== WHAT TO WORK ON ==
Your task is to restate word for word the lines in the material below, from the one with "Based on material, rivets" up to and including the one with "سرویس خواب کودک". Do not carry over the pictures.

== PROVIDED DATA ==
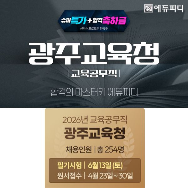 [뉴스로드] 종합교육기업 에듀피디가 6월 13일(토) 실시되는 2026년도 광주광역시교육청 교육공무직원 공개경쟁채용시험에 대비해 1차 필기시험부터 2차 면접까지 공략 가능한 ‘합격패키지’ 강좌를 개설하고 수강생 모집에 나섰다.
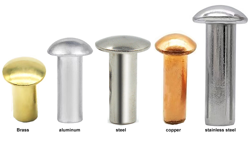 Based on material, rivets can be classified as brass rivets, stainless steel rivets, steel rivets, aluminum rivets, copper rivets, etc.
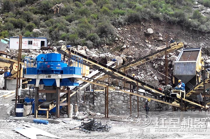B型生产线:振动给料机+锤破+制砂机+振动筛+洗砂机
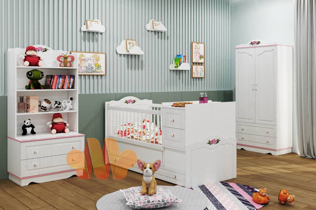 سرویس خواب کودک سپیده ساده وزیبا ساخته شده از ام دی اف و ملامین این ست نوزادی شامل تخت دومنظوره (نوزاد نوجوان)و کمد و ویترین دراور بوده در تخت های دو منظوره شما میتوانید با برداشتن باکس تخت آنرا به تخت نوجوان تبدیل کنید تمامی اتصالات در این محصول الیت می باشد .
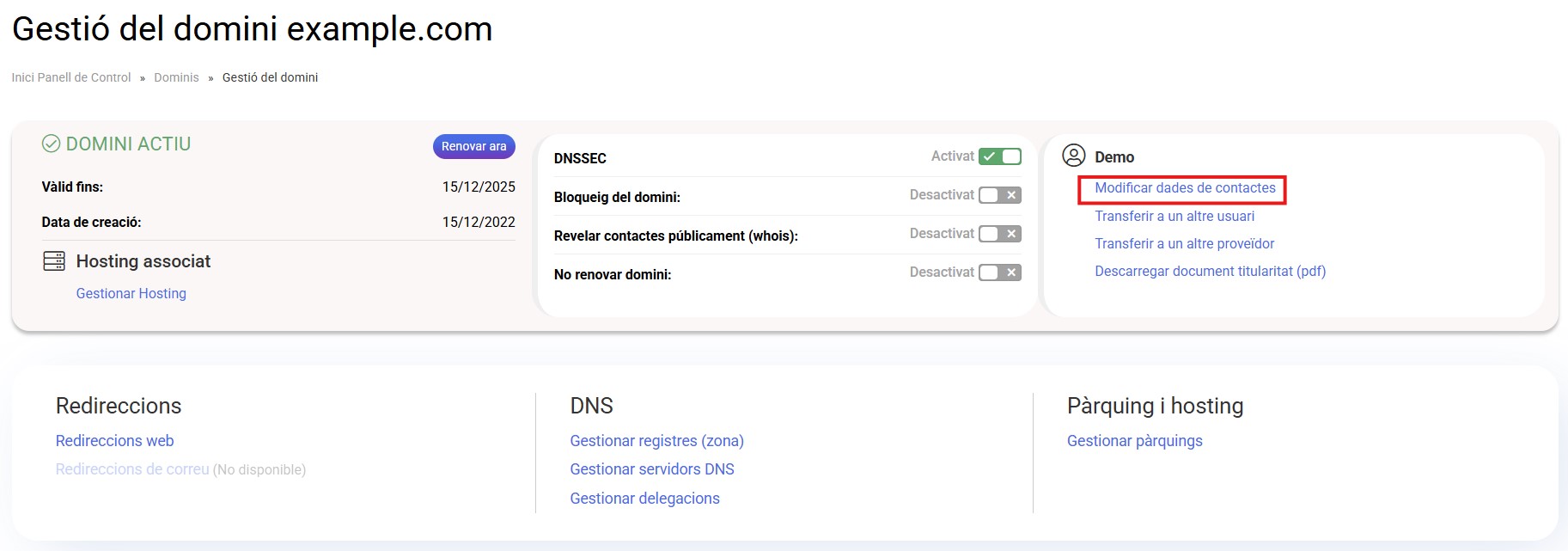 Si desitges modificar les dades del titular d'un domini TLD (totes les extensions excepte .és), pots fer-ho de forma senzilla des del panell de control de cdmon. La modificació de les dades del nom i/o e-mail del titular d'un domini han de ser validats pel compte de correu actual del titular, i en cas que també es modifiqui el compte de correu, aquesta ha de ser validada pel compte actual i per la nova. Aquesta validació es realitza mitjançant un enllaç que s'envia al compte o a tots dos comptes.
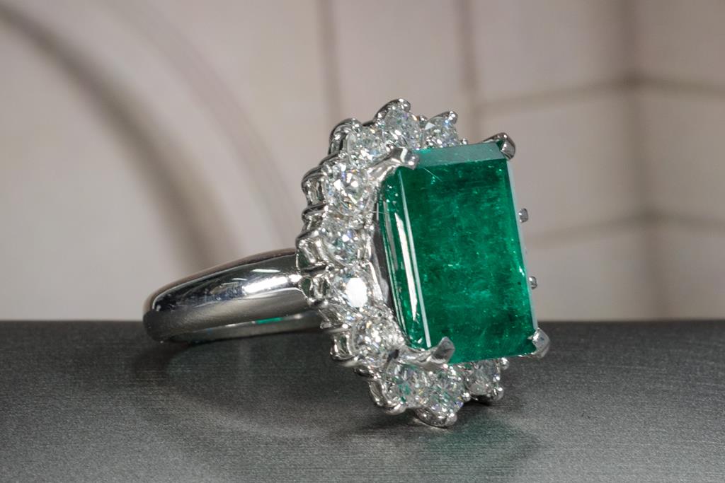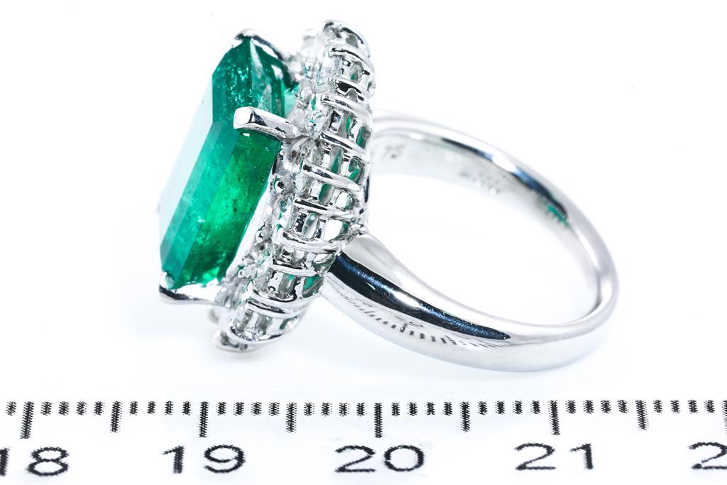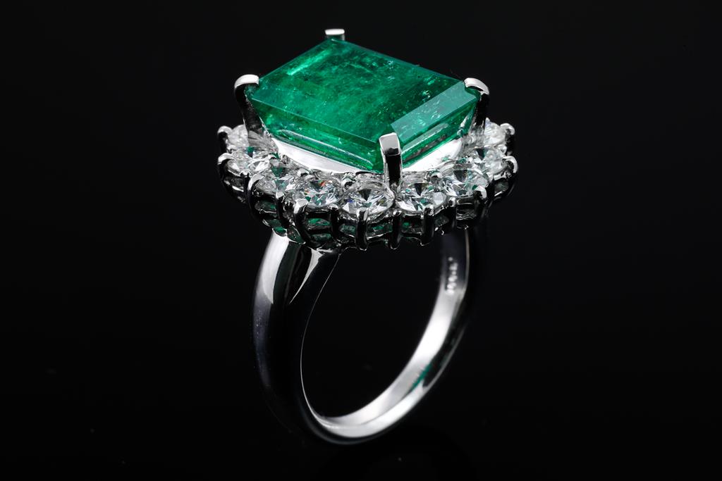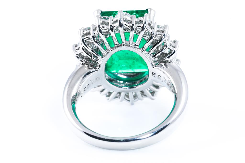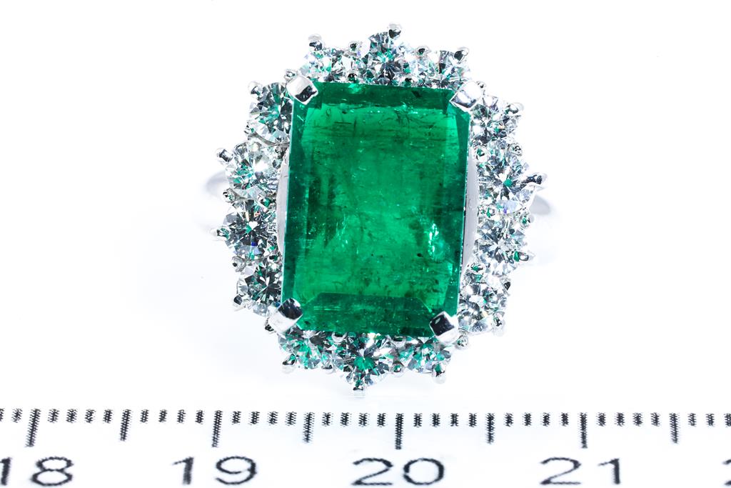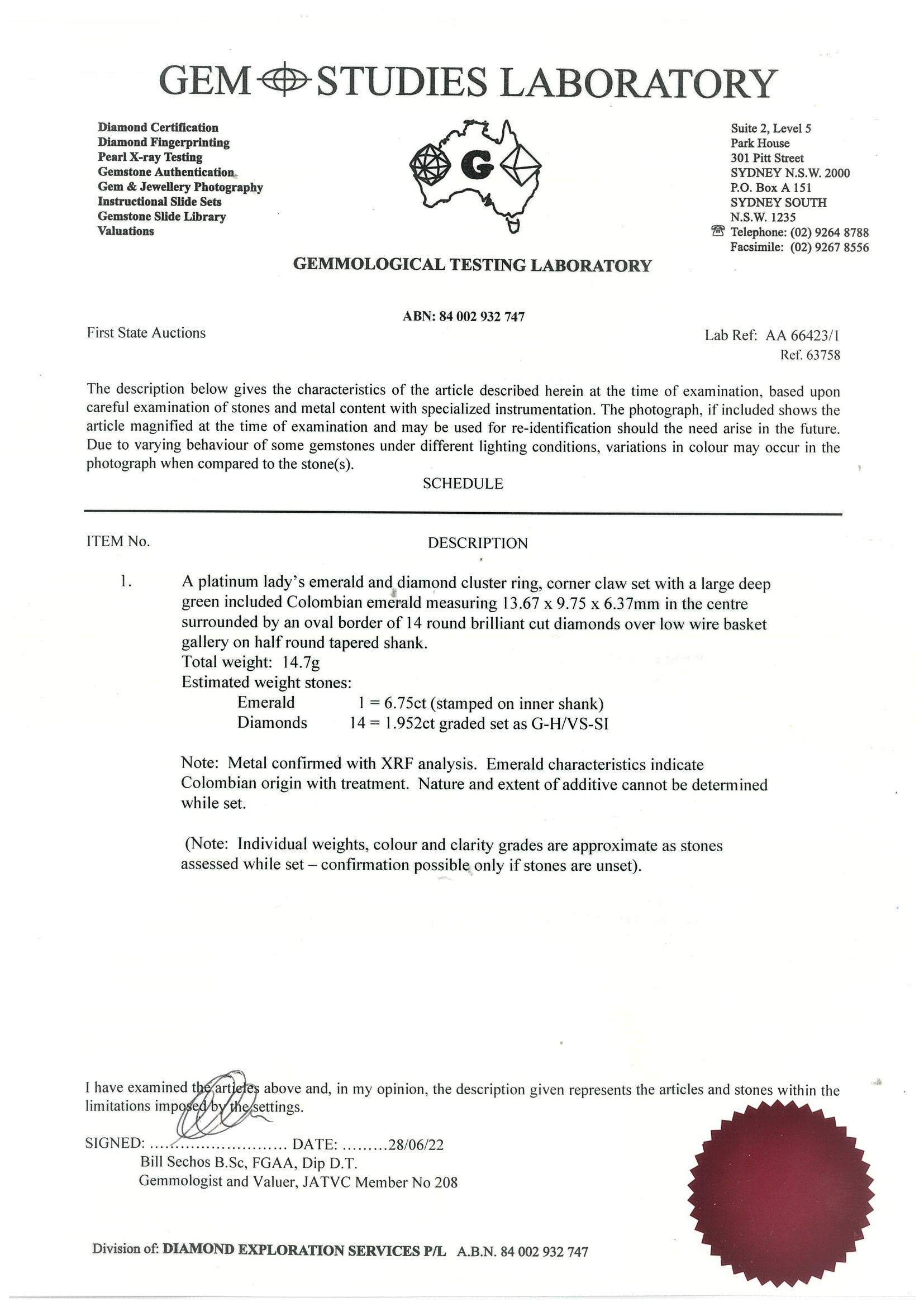 Emerald and Diamond ring with an emerald cut Colombian Emerald of 6.75ct and round Diamonds totalling 1.95cts (Estimated grading: G-H VS-SI). Platinum. Ring size L. Weight: 14.7g. With GSL certificate #AA 66423/1. (Pre-owned)

== RESULT FOR THIS TASK ==
 Based on material, rivets can be classified as brass rivets, stainless steel rivets, steel rivets, aluminum rivets, copper rivets, etc.
B型生产线:振动给料机+锤破+制砂机+振动筛+洗砂机
 سرویس خواب کودک سپیده ساده وزیبا ساخته شده از ام دی اف و ملامین این ست نوزادی شامل تخت دومنظوره (نوزاد نوجوان)و کمد و ویترین دراور بوده در تخت های دو منظوره شما میتوانید با برداشتن باکس تخت آنرا به تخت نوجوان تبدیل کنید تمامی اتصالات در این محصول الیت می باشد .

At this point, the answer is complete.